§ **ASSIGNED TASK**
Everything in the records below from the line containing "玻璃鋼標志樁,警示牌,標志磚" through the line containing "08: Tighten the" is to be reproduced exactly, those two lines included; no picture is to be copied.

§ **DATA TO PROCESS**
== == ==

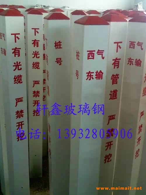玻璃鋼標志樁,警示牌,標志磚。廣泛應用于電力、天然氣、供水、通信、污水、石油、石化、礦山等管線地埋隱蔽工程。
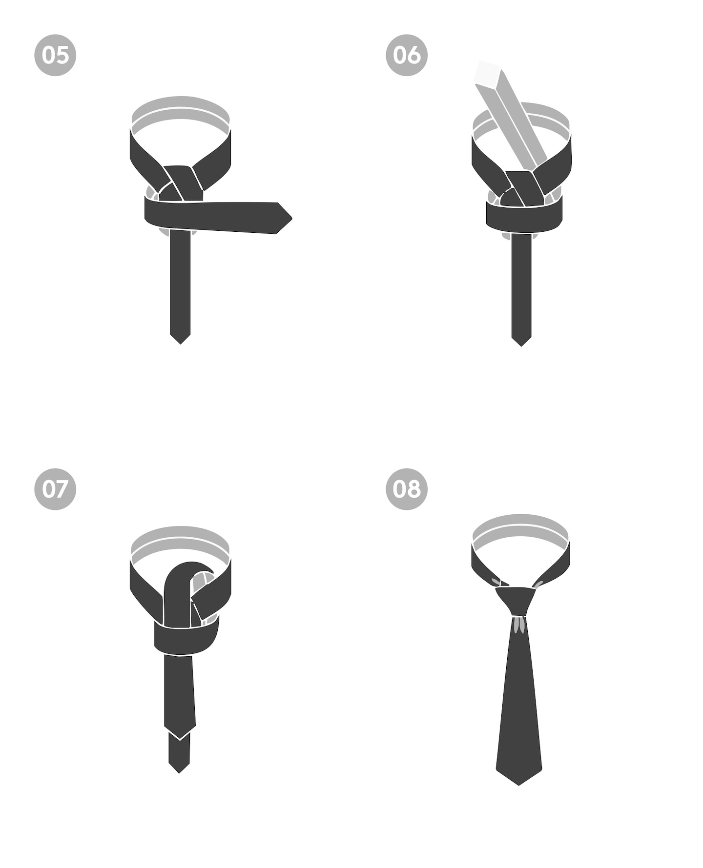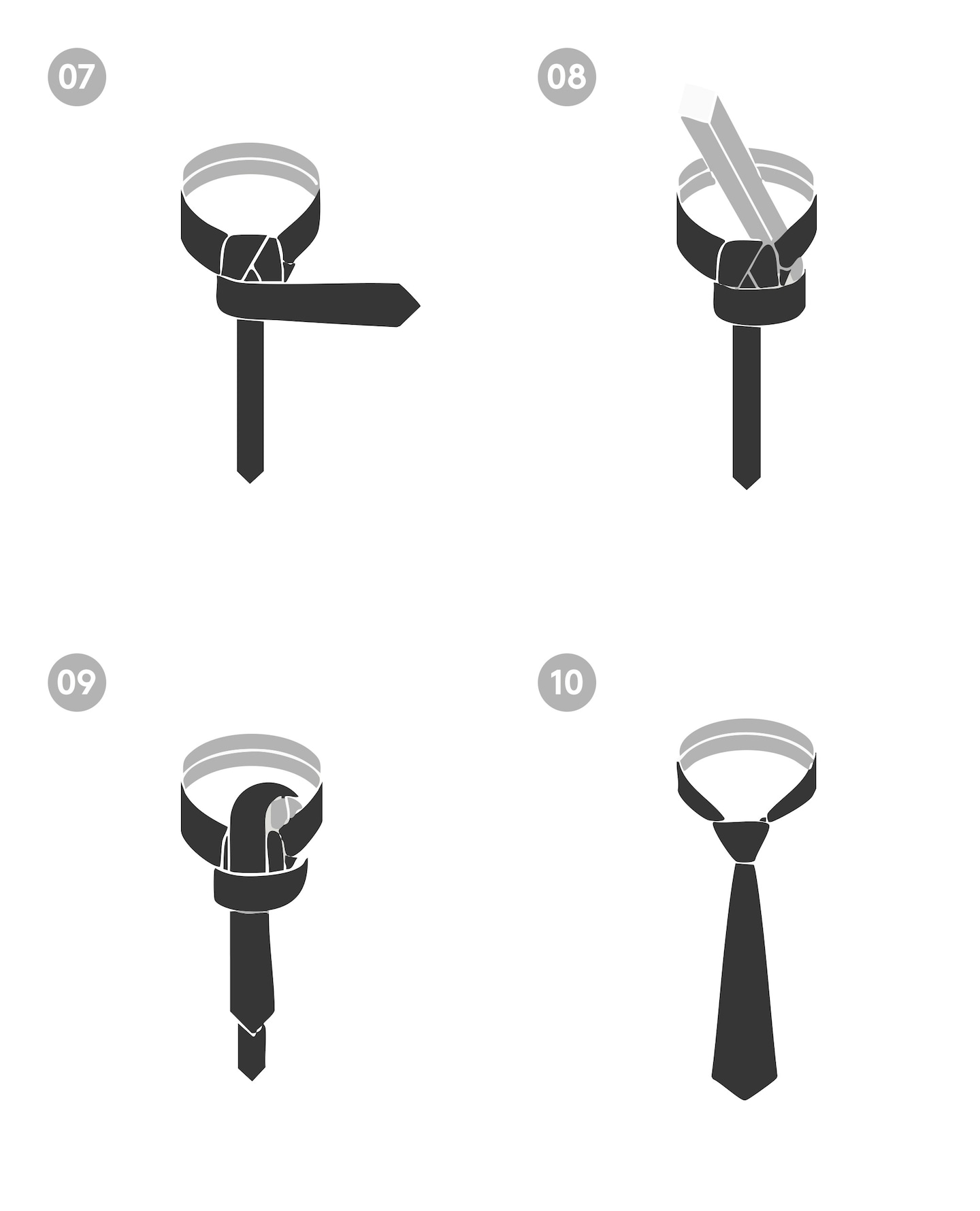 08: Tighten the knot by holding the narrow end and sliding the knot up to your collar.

== == ==

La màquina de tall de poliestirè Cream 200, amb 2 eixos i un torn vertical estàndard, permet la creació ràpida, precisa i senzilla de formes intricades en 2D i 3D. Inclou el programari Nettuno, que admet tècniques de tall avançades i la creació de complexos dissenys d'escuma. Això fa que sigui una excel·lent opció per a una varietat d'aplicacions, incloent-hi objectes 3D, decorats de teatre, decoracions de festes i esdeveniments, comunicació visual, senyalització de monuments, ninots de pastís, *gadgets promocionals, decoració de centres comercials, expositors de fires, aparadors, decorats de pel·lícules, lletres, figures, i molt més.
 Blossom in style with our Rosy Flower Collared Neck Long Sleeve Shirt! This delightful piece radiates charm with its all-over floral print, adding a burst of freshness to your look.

== == ==

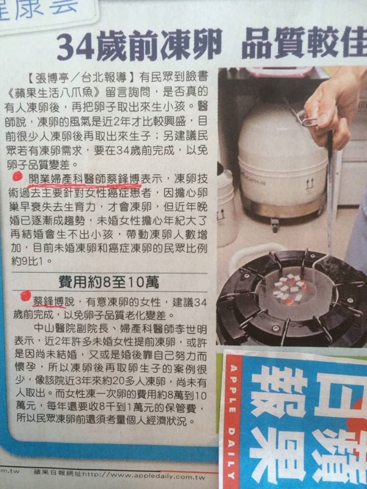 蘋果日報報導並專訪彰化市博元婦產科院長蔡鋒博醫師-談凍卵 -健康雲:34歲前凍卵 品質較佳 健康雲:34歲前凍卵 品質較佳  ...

== == ==

§ **FINAL ANSWER**
玻璃鋼標志樁,警示牌,標志磚。廣泛應用于電力、天然氣、供水、通信、污水、石油、石化、礦山等管線地埋隱蔽工程。
 08: Tighten the knot by holding the narrow end and sliding the knot up to your collar.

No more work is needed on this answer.